* _Assigned task_
Your task is to reproduce the listing exactly, without its images.

── Data shown

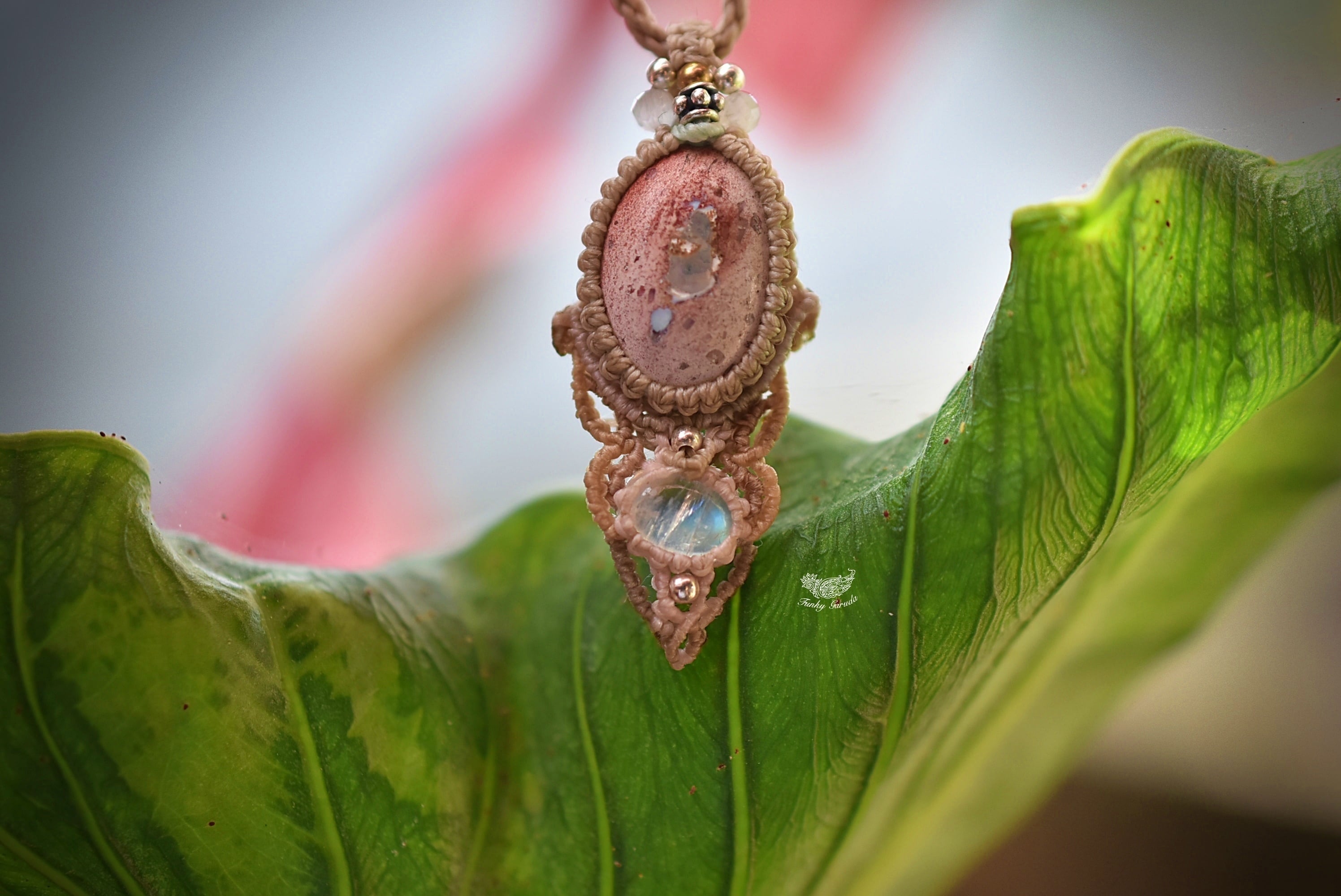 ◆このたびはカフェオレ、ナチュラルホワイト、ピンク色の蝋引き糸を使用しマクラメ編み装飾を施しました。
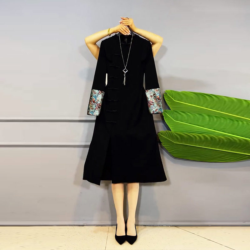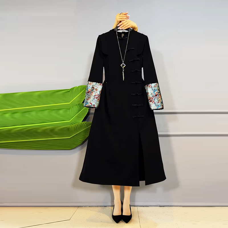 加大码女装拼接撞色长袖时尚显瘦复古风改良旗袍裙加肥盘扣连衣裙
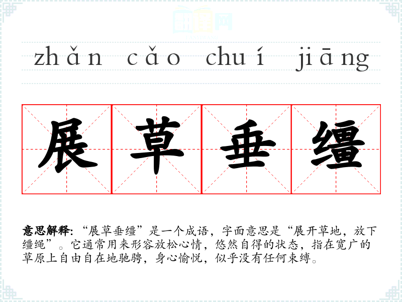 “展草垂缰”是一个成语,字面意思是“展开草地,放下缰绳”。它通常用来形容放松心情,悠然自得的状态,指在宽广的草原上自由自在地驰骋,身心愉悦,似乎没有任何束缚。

────

* _Answer_
 ◆このたびはカフェオレ、ナチュラルホワイト、ピンク色の蝋引き糸を使用しマクラメ編み装飾を施しました。
 加大码女装拼接撞色长袖时尚显瘦复古风改良旗袍裙加肥盘扣连衣裙
 “展草垂缰”是一个成语,字面意思是“展开草地,放下缰绳”。它通常用来形容放松心情,悠然自得的状态,指在宽广的草原上自由自在地驰骋,身心愉悦,似乎没有任何束缚。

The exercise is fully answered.